What Jesus is doing here is not running His hand over the surface of your life and patting you on the back. He’s running an MRI on your heart. An MRI doesn’t care about your Instagram feed. It sees underneath the skin, all the way down to what’s been growing in the dark.
And what does He find?
- The thought you keep letting run
- The desire you keep entertaining
- The resentment you keep feeding
No one else sees it. You’ve barely admitted it to yourself. But Jesus sees it, and He’s not pretending otherwise.
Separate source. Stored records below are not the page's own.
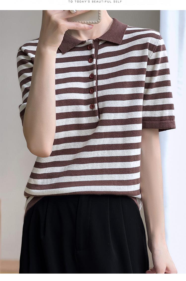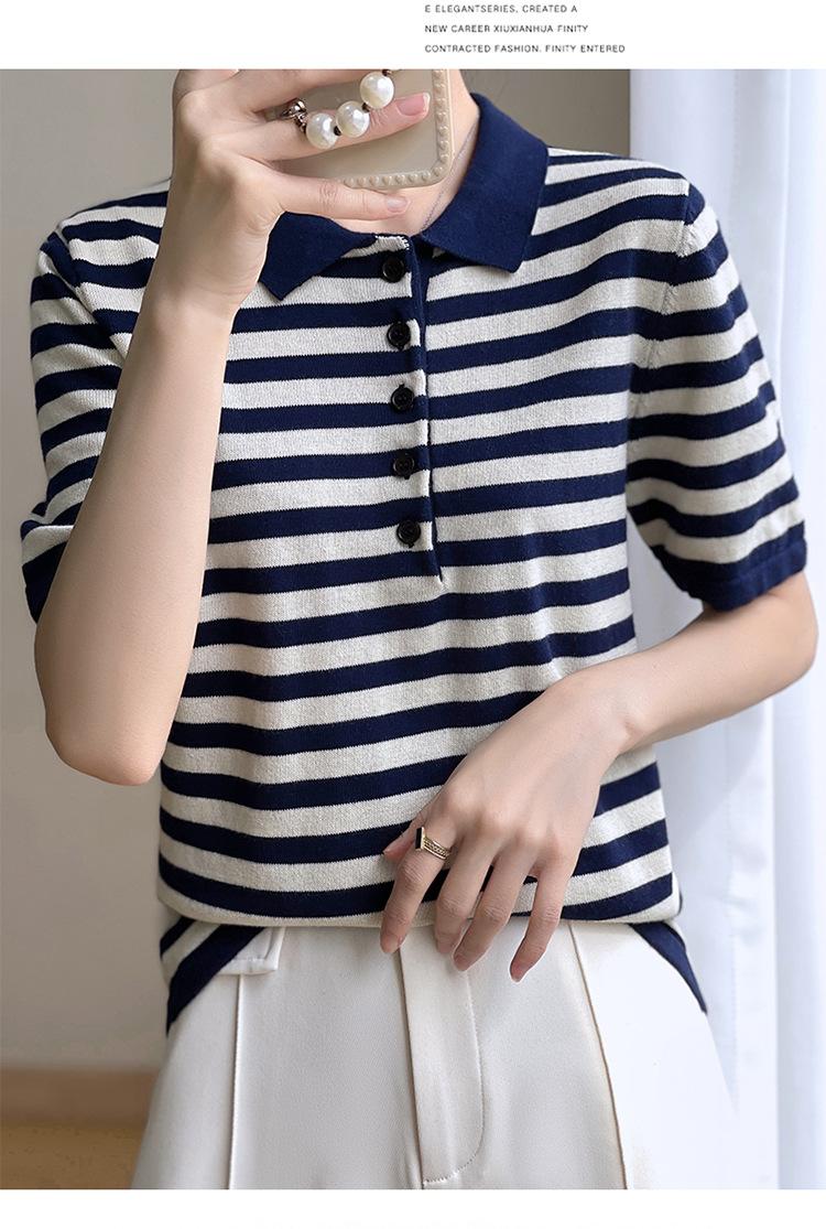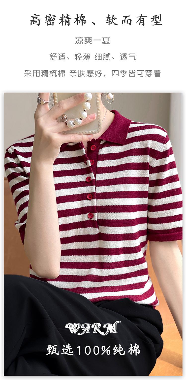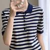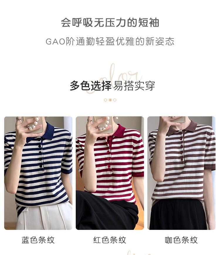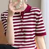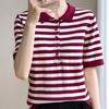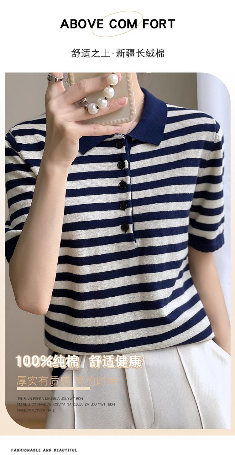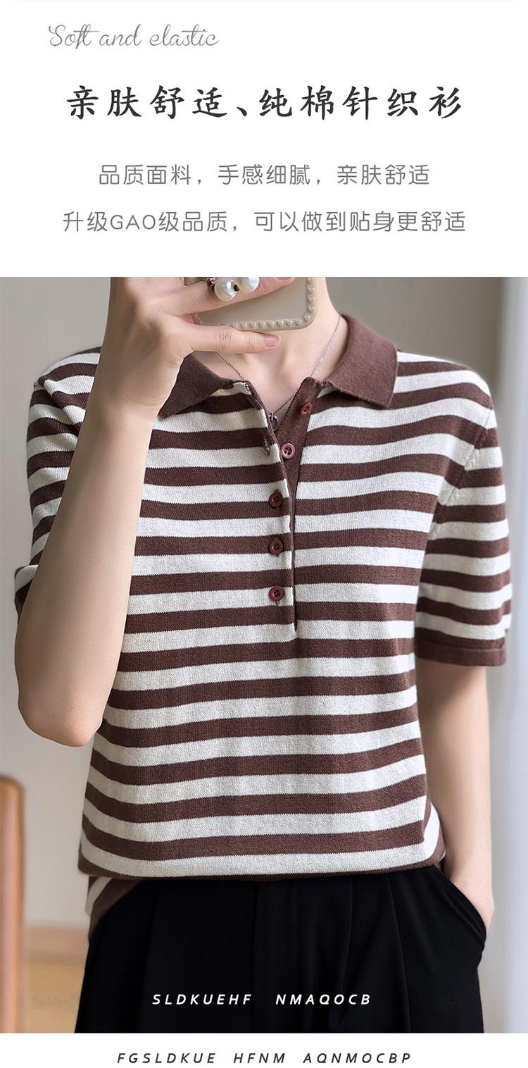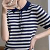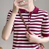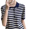 2025 Nuevo Verano Algodón Puro Polo Cuello Tejido Camiseta de Manga Corta para Mujer Simple a Rayas con Bloques de Color Camiseta Básica
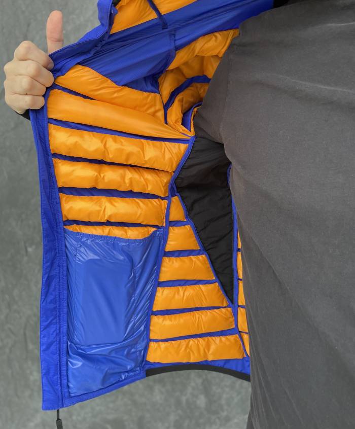 Z zewnątrz kurtka nie wyróżnia się znacząco, choć jest oczywiście bardzo dobrze wykończona. Naprawdę zadbano o każdy detal. Emocje, przynajmniej u mnie, budzi wewnętrzna strona. Pierwsze skojarzenie to zebra albo dżdżownica. Otóż całość łącznie z kapturem pokryta jest podłużnymi komorami z puchowo-syntetycznym wypełnieniem ułożonymi równolegle, której jednak nie są razem zszyte. Pomiędzy komorami jest wolna przestrzeń. Zapewnia ona dobrą wentylację oraz sprawne odprowadzanie nadmiaru ciepła i wilgoci.
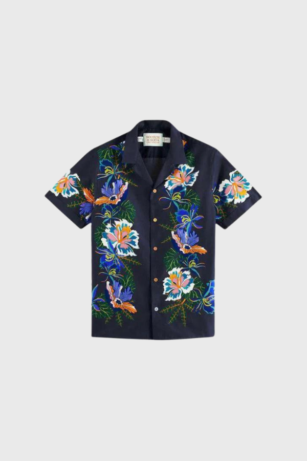 Ανδρικό πουκάμισο της εταιρίας Scotch & Soda σε μαύρο χρώμα με κοντό μανίκι και floral print.

Instead of asking, “Have I done the thing?” Ask, “What am I wanting that I shouldn’t be wanting?” Because that is where Jesus is looking. And the fact that He looks that deep isn’t bad news; it’s really good news! A Savior who only treats the surface cannot save you, but the One who goes down to the caverns of your soul is the only One who can actually get you clean.
Worship Him for refusing to leave you alone on the surface.
Prayer: Father God, thank You for caring about me so much that You deal with the sin that are deep down. Help me to repent of those sins today. In Jesus’s name, amen.
Day 2: Sin Is Not A Mole
Matthew 5:29 “If your right eye causes you to sin, gouge it out and throw it away. For it is better that you lose one of the parts of your body than for your whole body to be thrown into hell.”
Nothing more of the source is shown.